The same dynamic drove Brexit. For years, the dream of leaving the European Union was the province of “fruit cakes and loonies,” as former British prime minister David Cameron memorably dismissed the UK Independence Party’s outsider campaign.
But suddenly, the fruit cakes won. Boris Johnson’s emergence as a galvanizing figure took the pro-Brexit cause from meshuga to mainstream. Once there, Brexit quickly became a proxy for a referendum over British identity — hence its endurance.
Israel’s judicial overhaul saga has followed a similar pattern.
Last November, two months before the current controversy burst into the open, I sat down in the Knesset with a then-little-known politician — Simcha Rothman, one of the judicial overhaul’s architects.
He described the long march to take the idea of judicial reform, which had percolated since the ’90s, from the fringes to the heart of Israel’s right.
It had emerged out of bipartisan frustration with the creeping power grab by the country’s Supreme Court justices, which originated in a little-noticed legal ruling that took place in the days immediately after Yitzhak Rabin’s assassination in 1995.

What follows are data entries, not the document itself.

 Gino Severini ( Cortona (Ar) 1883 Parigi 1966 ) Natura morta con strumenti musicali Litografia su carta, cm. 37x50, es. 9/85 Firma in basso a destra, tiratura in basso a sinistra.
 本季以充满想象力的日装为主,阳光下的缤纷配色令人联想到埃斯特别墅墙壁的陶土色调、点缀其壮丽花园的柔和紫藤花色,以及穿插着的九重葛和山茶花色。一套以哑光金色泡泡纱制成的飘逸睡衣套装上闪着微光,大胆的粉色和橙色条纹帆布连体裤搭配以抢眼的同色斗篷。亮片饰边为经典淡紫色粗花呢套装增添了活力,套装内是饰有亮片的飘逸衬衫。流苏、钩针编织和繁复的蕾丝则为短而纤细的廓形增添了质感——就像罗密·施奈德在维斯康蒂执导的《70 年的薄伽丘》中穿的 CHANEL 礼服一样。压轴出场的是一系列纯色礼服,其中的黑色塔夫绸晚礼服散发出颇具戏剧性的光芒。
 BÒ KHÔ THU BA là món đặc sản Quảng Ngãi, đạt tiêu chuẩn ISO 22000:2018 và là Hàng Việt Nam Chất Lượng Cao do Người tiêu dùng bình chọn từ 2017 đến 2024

When the proposed judicial overhaul legislation was announced in January, the ferocity of the debate around the changes quickly made it clear that — like Trumpism and Brexit — they touched on something far deeper than the separation of powers and the limits of judicial influence.

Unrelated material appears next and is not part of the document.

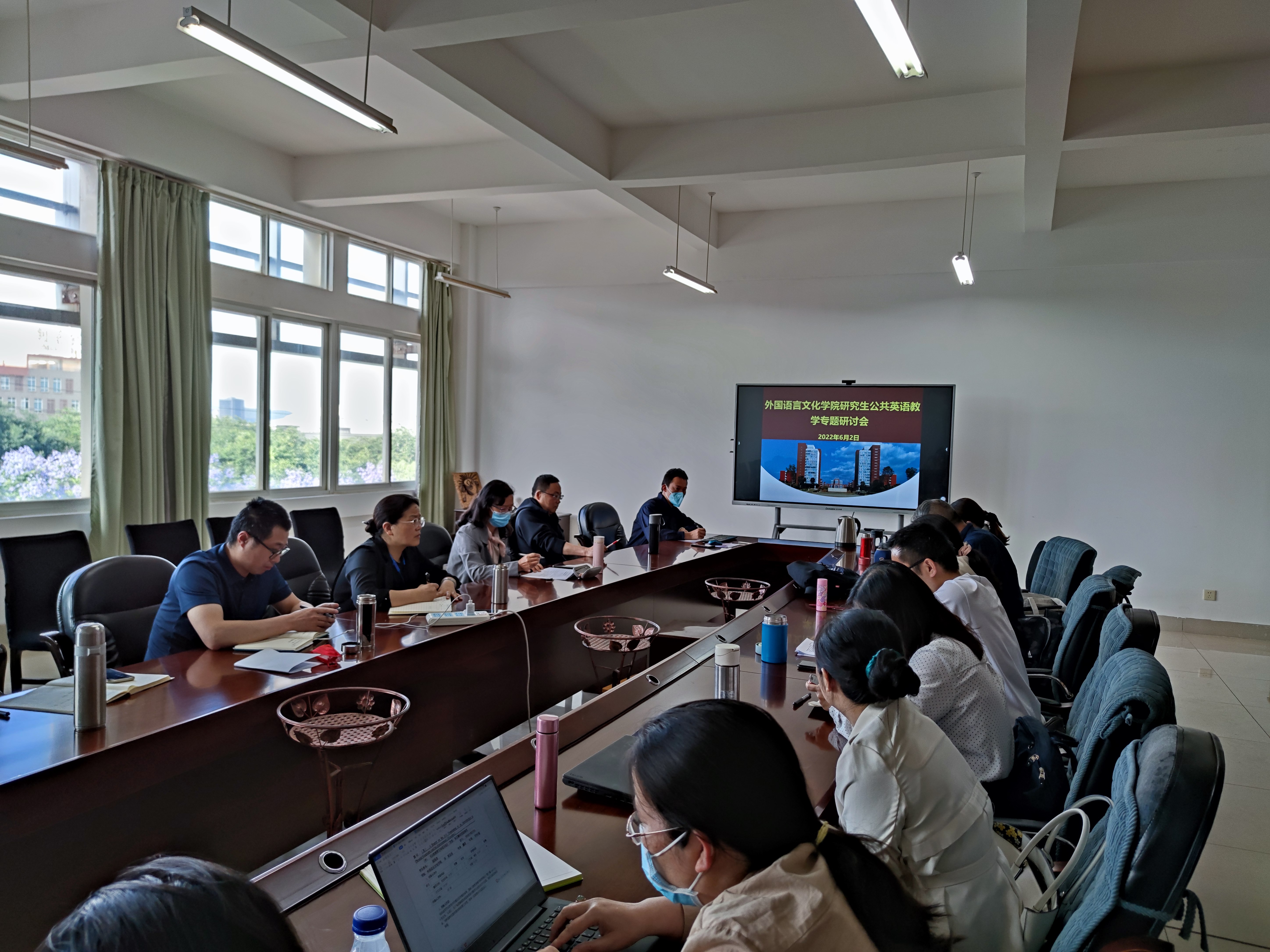 首先研究生公共英语教研部的教师们结合参加“2022年(第八届)全国研究生英语教学与发展论坛”的收获逐一交流了关于如何提升研究生英语教学的质量的思考和想法,老师们围绕如何满足学生差别化的需求、如何更好利用线上资源、如何加强课程思政及融入人文教育等提出了具体的建议。研究生公共英语教研部主任梁庆峰老师在老师们交流的基础上,围绕研究生公共英语教学的目标、定位和课程体系等,汇报了下一步工作思路。

Unlike the cartoonish, hysterical claims of a mortal threat to Israeli democracy exported by left-wing figures such as former prime minister Ehud Olmert, and echoed by foreign media outlets, the truth is that this is a perfectly legitimate debate over the court’s power — one that’s once again become a proxy for an identity war.
Some see it as a tussle over the two elements of Israeli identity expressed in its Declaration of Independence: is Israel “democratic” first, and “Jewish” second, or vice versa? Others speak of a new division emerging between a secular, pluralist “State of Israel” centered on Tel Aviv, versus a religious, particularistic “State of Judea” centered on Jerusalem.
But regardless of labels, the fault lines are clear. For overhaul advocates, checking the High Court’s power is a chance to defend conservative values that are threatened by liberal justices, as Rothman told me. That’s precisely what the largely secular protest movement fears. Instead of protesting in the name of democracy, what they’re actually fighting for is to preserve Israeli secularism’s control of the public square.
Having endured six months of left-wing street protests, airport blockades and public and private sector strikes, plus threats to ground the air force and damage the country’s economy, what can long-suffering Israelis look forward to now?
If the parallels with Trump and Brexit are any indication, this struggle isn’t going anywhere. When fundamental questions about society bubble lava-like beneath the surface and then find a fissure, the eruption can’t easily be contained.
Doubtless, there will be a political ebb and flow: The protests may lose steam, or the current government could fall to a politician like Benny Gantz, who vows to roll the changes back.
But having metastasized into an era-defining societal reckoning, Israelis had better get used to the fact that the judicial overhaul crisis is here to stay.